I had been sitting out the presidential race until now, hoping that Sonny Bono would throw his hat into the ring, but as soon as I was informed that he'd been dead for fourteen years, I decided it was time to get off the couch.
Once word got out that I was available, I immediately got a call from Mitt Romney, who asked me to join him on the "Believe in America" campaign bus as he toured around the Super Tuesday states. I showed up in front of his hotel in Fargo, North Dakota, this morning at 9 A.M and shook hands with the candidate. We loaded the family dog onto the bus's roof rack, and hit the road.
(For those of you who don't know me, I am, in my spare time, the highest paid political consultant in American politics. Modesty -- not to mention confidentiality agreements -- prevents me from telling you of all my greatest feats of consultancy. I can say that although I'd always been highly respected inside the Beltway, it wasn't until my "wide stance" defense for Senator Larry Craig that my theories on messaging and rapid response became required reading for the poli sci majors at Harvard and Yale.)
While Mitt drank his morning OJ and munched on a granola bar, I handcuffed the handle of the attaché case filled with $100 bills that comprised my fee to my left wrist. (I'd heard Romney 2012 might be a bit low on funds, hence the desire for cash and the necessity of handcuffs.)
Then, all of us seated in our alligator leather upholstered swiveling (and reclining), captain's chairs, I was informed by Mitt and his brain trust that the reason I'd been hired was to somehow cure the candidate of his Foot-in-Mouth Disease. "Two Cadillacs." "I like to fire people." "Friends who are NASCAR team owners." That sort of thing.
I told Mitt that he had been misdiagnosed. He didn't have Foot-in-Mouth Disease, or, in his case, Hermes-in-Mouth Disease. No, his "gaffes" were actually cries from the heart. His "gaffes" were actually his truest self, yearning to breath free and express the love of 5-star, yacht club, Lear jet living that makes his loins sing!
As such, they were likely to continue.
But, they don't pay me the big bucks for nothing. My solution? The Romney campaign had to make some moves that would act as counterweights to the Richie Rich moments. That way, whatever tidbits of privilege Mitt shared, voters would nonetheless start getting the impression that the candidate was not just a hopelessly out of touch 1 %er. Instead, they'd begin to think of him as a guy who understands the daily lives of average Americans.
Here were my suggestions:
•Arrange to have the campaign bus repossessed.
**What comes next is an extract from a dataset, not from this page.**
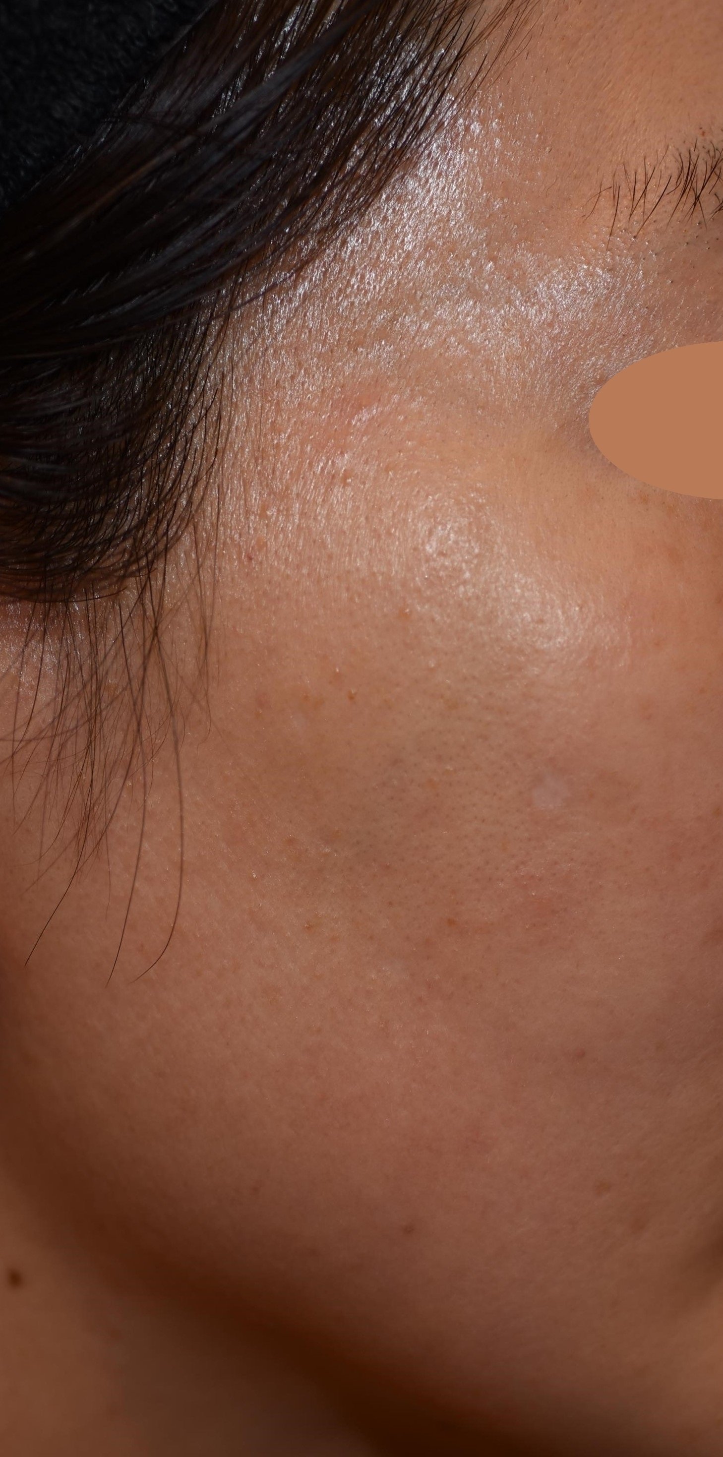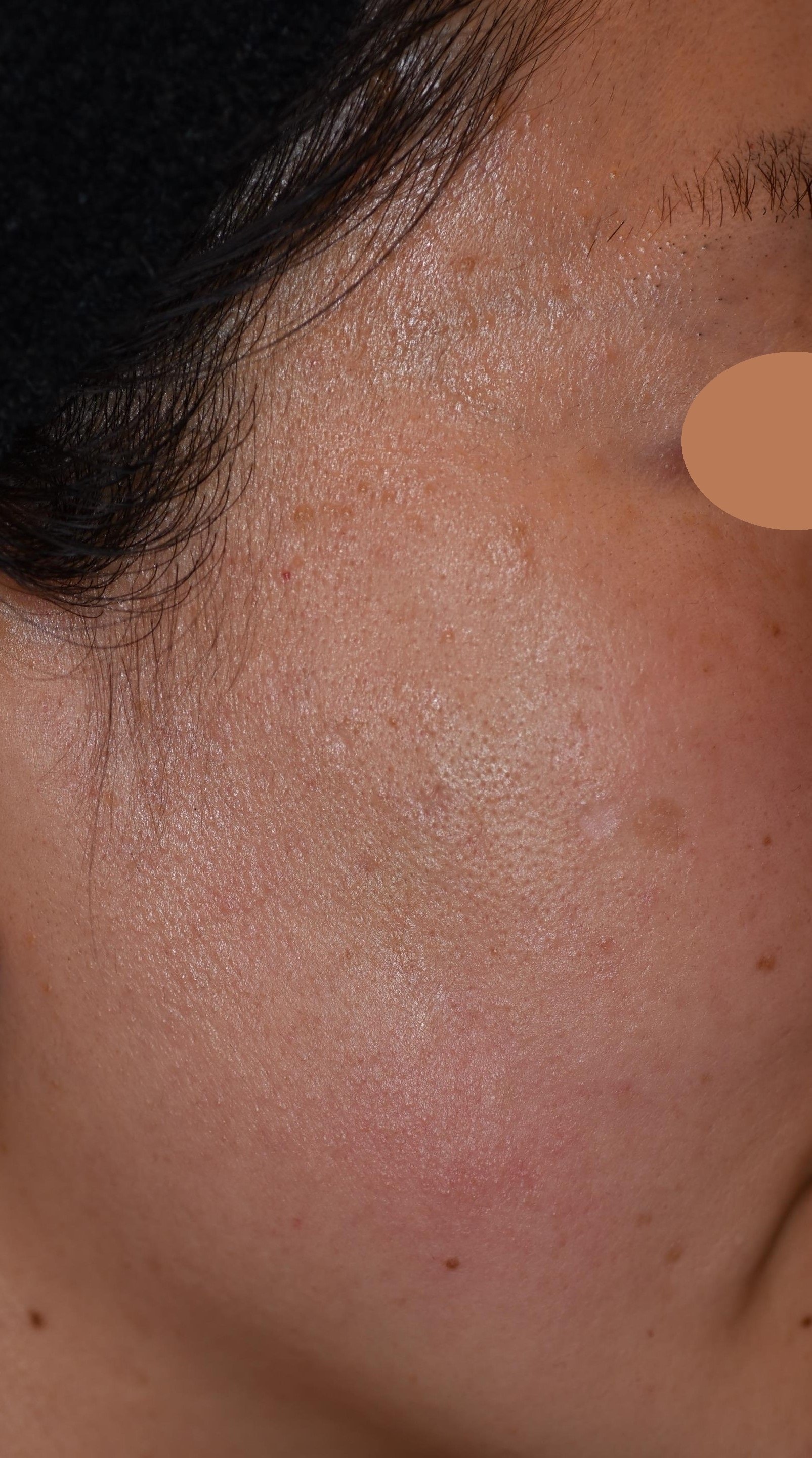 ほくろ除去は、腫瘍部位を削るCO2レーザーをご案内するケースがほとんどですが、この方のように小さなほくろはピコスポット照射で削ることなく薄くできます。1回の照射でほくろが薄くなりました。施術間隔をあけて、複数回照射すると、さらに薄くすることができます。 また、顔全体はジェントルレーズプロ照射によりうぶ毛が減少し、くすみが改善され肌色の透明感が高まりました。ファンデーションいらずのキレイな素肌です。

•Re-invest funds currently stashed in Cayman Islands in a hedge fund consisting entirely of scratch-off lottery tickets.
•At rallies, lead supporters in a rousing rendition of Weezer anthem, "I Want to Be from Beverly Hills."
•Leak to press that you've been eating Spam every night for a week.
•Hire at least one more person of color to stand in the background at campaign stops joining the one ubiquitous middle-aged black woman currently on display.
•Stop getting your hair done by the same hairdresser who does Calista Gingrich.
•Put up shelves in garage. Chop off finger with circular saw. Go to emergency room. Wait to see doctor for seven hours.
•Continue run for presidency but spend spare time selling non-essential possessions on eBay.
After hearing my advice, the candidate and his staff stood up on their alligator leather upholstered swiveling (and reclining), captain's chairs, and began applauding wildly. Mitt seemed most excited about singing the Weezer anthem at the end of rallies . "When I sing to the crowds they love it," he said beaming. It wasn't until that moment that I truly understood just how out of touch with the voters Mitt really is.